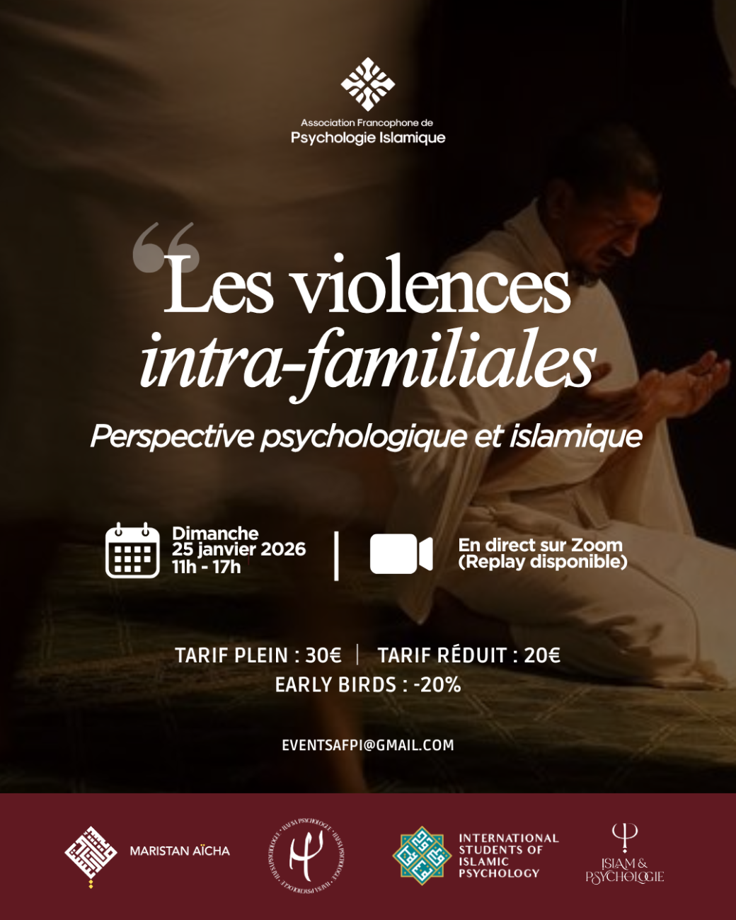 Ce séminaire en ligne, ouvert à tous et organisé par l’Association Francophone de Psychologie Islamique (AFPI), réunit psychologues, neuropsychologue, imam et avocate autour d’un regard croisé entre psychologie clinique, neurosciences, droit et sciences islamiques. Il vise à mieux comprendre les mécanismes des violences intrafamiliales, leurs impacts psychiques et neurobiologiques, ainsi que les enjeux spécifiques et peu abordés des abus spirituels.
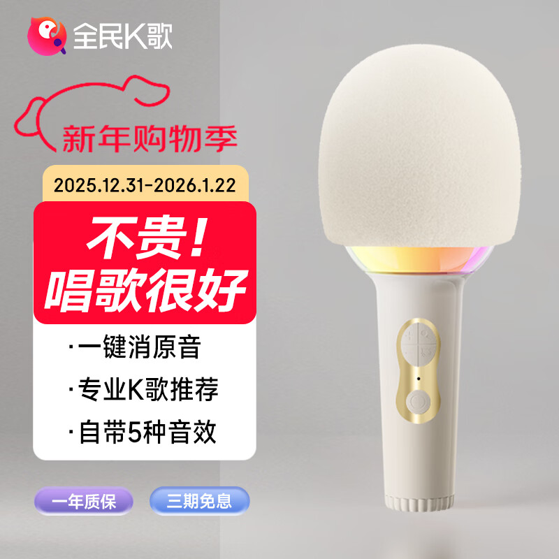 全民K歌麦克风 家庭ktv儿童音箱唱歌卡拉OK电视抖音直播降噪无线蓝牙户外k歌宝手持话筒音响一体 M2茉莉白
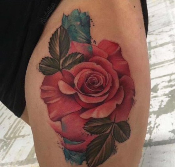 性感花朵纹身--女性大腿侧部性感的花朵纹身
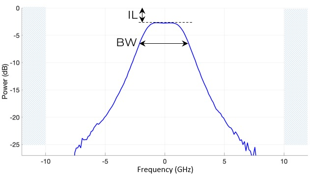 典型响应(IN ➙ OUT):允许传输特定窄带,抑制C或L波段中其他波长。提供从1 -4 GHz多个带宽选择
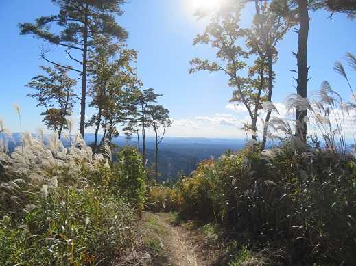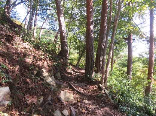 植林の尾根をジグザグにのぼり、右の方へ折れたら
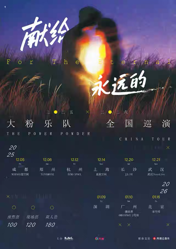 周日晚可以在新歌空间看大粉乐队的现场,来给这一周收个尾。即便你不太确定知道大粉乐队,但很可能你是听过他们的歌的。成立 10 多年,乐队带来过多张专辑和多首热单,而现在听起来,也还是保持了刚出发时的那股劲儿。
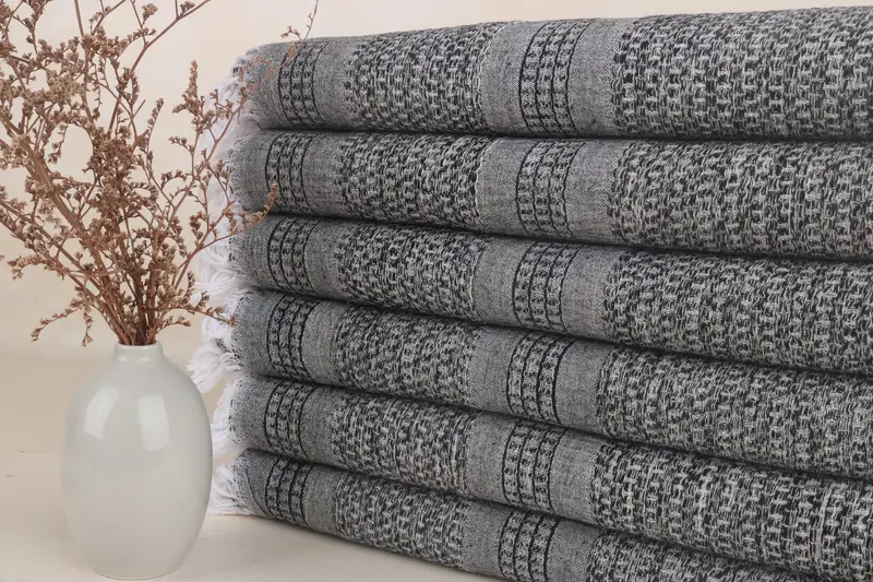Monogrammed Beach Towel Turkish Cotton Black Stripes, 36x71 Inches
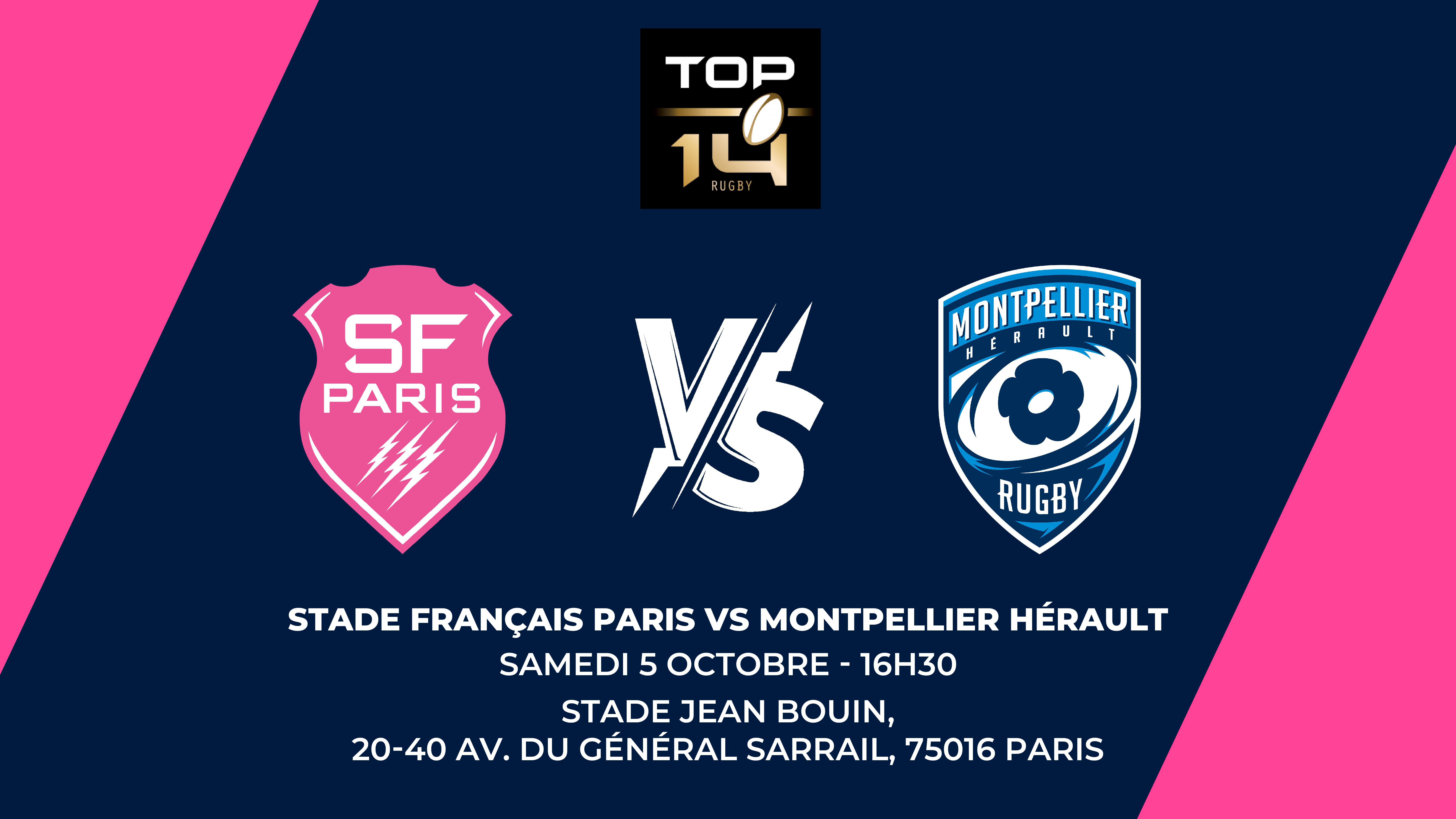 Le Stade Français Paris affrontera Montpellier le 5 octobre au Stade Jean Bouin 🏟️, dans un match qui s’annonce décisif pour la suite du championnat 🏉. Ce duel entre deux équipes de haut niveau promet d’être intense. Le Stade Français, porté par ses supporters 🔵🌸, tentera de faire valoir son avantage à domicile face à une équipe montpelliéraine toujours redoutable 💪.
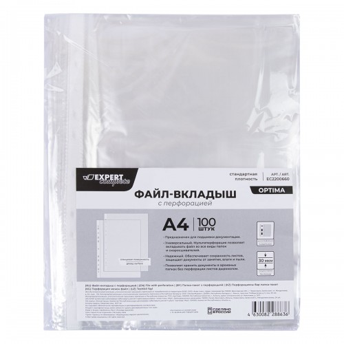 Expert Complete" Файл-вкладыш OPTIMA/ОПТИМА A4 100 шт. 30 мкм глянцевый прозрачный EC2200660
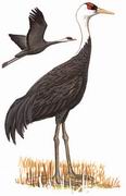 描述:体小(97厘米)的深灰色鹤。头颈白色,顶冠前黑而中红飞行时飞羽黑色。亚成鸟头、颈沾皮黄色,眼斑黑色。
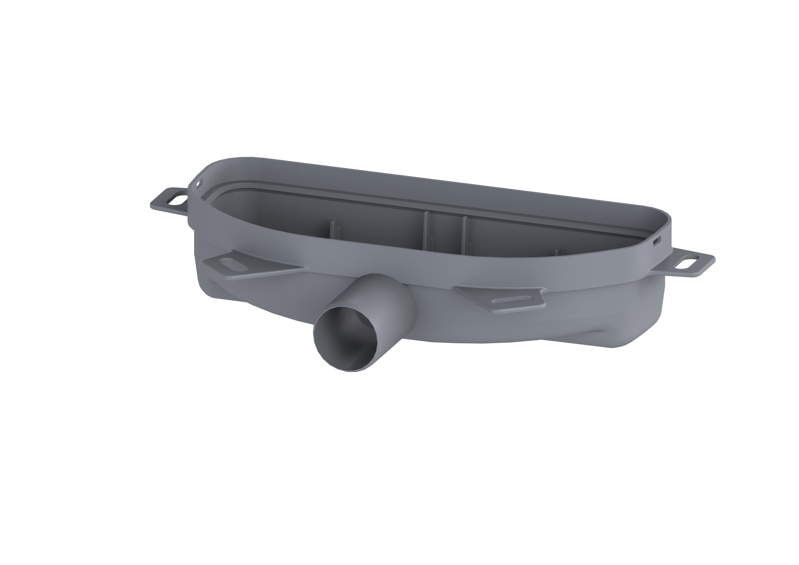 Grundkörper für Linearis Infinity Bauhöhe 60 mm mit seitlichem Auslauf DN 40, ohne Schall- und Setzungsdämpfer.

========================================

Action item
Exact copy, no pictures: please print the data above once more.

Exercise answer
 Ce séminaire en ligne, ouvert à tous et organisé par l’Association Francophone de Psychologie Islamique (AFPI), réunit psychologues, neuropsychologue, imam et avocate autour d’un regard croisé entre psychologie clinique, neurosciences, droit et sciences islamiques. Il vise à mieux comprendre les mécanismes des violences intrafamiliales, leurs impacts psychiques et neurobiologiques, ainsi que les enjeux spécifiques et peu abordés des abus spirituels.
 全民K歌麦克风 家庭ktv儿童音箱唱歌卡拉OK电视抖音直播降噪无线蓝牙户外k歌宝手持话筒音响一体 M2茉莉白
 性感花朵纹身--女性大腿侧部性感的花朵纹身
 典型响应(IN ➙ OUT):允许传输特定窄带,抑制C或L波段中其他波长。提供从1 -4 GHz多个带宽选择
 植林の尾根をジグザグにのぼり、右の方へ折れたら
 周日晚可以在新歌空间看大粉乐队的现场,来给这一周收个尾。即便你不太确定知道大粉乐队,但很可能你是听过他们的歌的。成立 10 多年,乐队带来过多张专辑和多首热单,而现在听起来,也还是保持了刚出发时的那股劲儿。
Monogrammed Beach Towel Turkish Cotton Black Stripes, 36x71 Inches
 Le Stade Français Paris affrontera Montpellier le 5 octobre au Stade Jean Bouin 🏟️, dans un match qui s’annonce décisif pour la suite du championnat 🏉. Ce duel entre deux équipes de haut niveau promet d’être intense. Le Stade Français, porté par ses supporters 🔵🌸, tentera de faire valoir son avantage à domicile face à une équipe montpelliéraine toujours redoutable 💪.
 Expert Complete" Файл-вкладыш OPTIMA/ОПТИМА A4 100 шт. 30 мкм глянцевый прозрачный EC2200660
 描述:体小(97厘米)的深灰色鹤。头颈白色,顶冠前黑而中红飞行时飞羽黑色。亚成鸟头、颈沾皮黄色,眼斑黑色。
 Grundkörper für Linearis Infinity Bauhöhe 60 mm mit seitlichem Auslauf DN 40, ohne Schall- und Setzungsdämpfer.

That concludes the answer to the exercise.